How to choose TEA&DIPEA

Triethylamine (TEA) and diisopropylethylamine (DIPEA) are important organic bases in organic synthesis and are often used as acid binding agents. The alkalinity of these two organic bases is similar, but their other properties are quite different. Many people don't know how to choose these two organic bases in the process of doing experiments. Today we will introduce the following two organic bases in detail.

Brief introduction and comparison of properties of TEA and DIPEA

1 basic properties

Triethylamine: abbreviation of TEA, molecular weight: 101.19, density: 0.73, boiling point: 89.5 °C, melting point:-114.8 C, conjugated acid pKa= 10.75.

N,N- diisopropylethylamine: abbreviated as DIPEA/DIEA, molecular weight: 129.25, density: 0.74, boiling point: 127 °C, melting point:-46 C, conjugated acid pKEst = 10.9 (data source: Laboratory Chemical Purification Manual, PK

2 steric hindrance and stability

DIPEA has a large branched chain, and its steric hindrance is larger than that of triethylamine. Isopropyl will hinder the protonation of nitrogen atoms and inhibit nucleophilic side reactions, and its stability is good. Triethylamine has a small steric hindrance and is easy to participate in nucleophilic substitution side reactions. For example, triethylamine is easily acylated or alkylated with acyl chloride or halogenated hydrocarbon.

3 solubility

TEA is miscible with many organic solvents and soluble in water. DIPEA has poor solubility in some polar solvents and good solubility in nonpolar solvents (such as DCM, toluene) because of the existence of isopropyl.

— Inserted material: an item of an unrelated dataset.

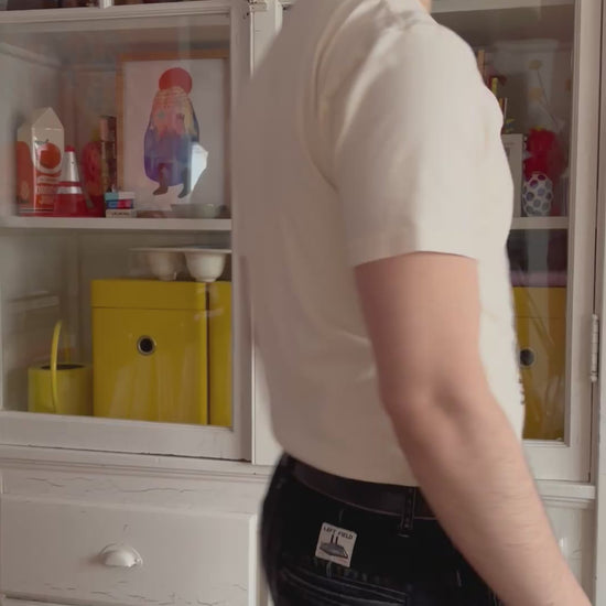 Blockprinted design stamped onto USA-made unisex t-shirts. All shirts are pre-washed once printed.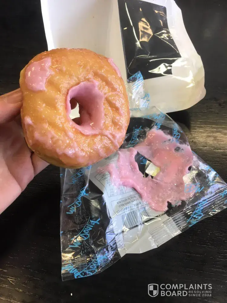 Against my moral compass, I bought one final donut the other day, justifying it to myself as being the last one. I felt instant regret, as when I pulled the plastic off the donut, it pulled off all of the icing (see photo attached). So not only is it (a) horrible for the environment and (b) more expensive and less attractive for customers, but also (c) it actually ruins the product. I will not be purchasing any more.

For its hydrochloride, triethylamine hydrochloride is generally less soluble in organic solvents, while DIPEA hydrochloride is soluble in many organic solvents. If the product is also precipitated in the reaction solvent, a mixture of triethylamine hydrochloride and the product will generally be obtained by using triethylamine; If DIPEA is used, a relatively clean product can be obtained by direct filtration. On the contrary, if the product is dissolved in the reaction solvent and triethylamine is selected as the acid binding agent, it can be separated from the product by filtration.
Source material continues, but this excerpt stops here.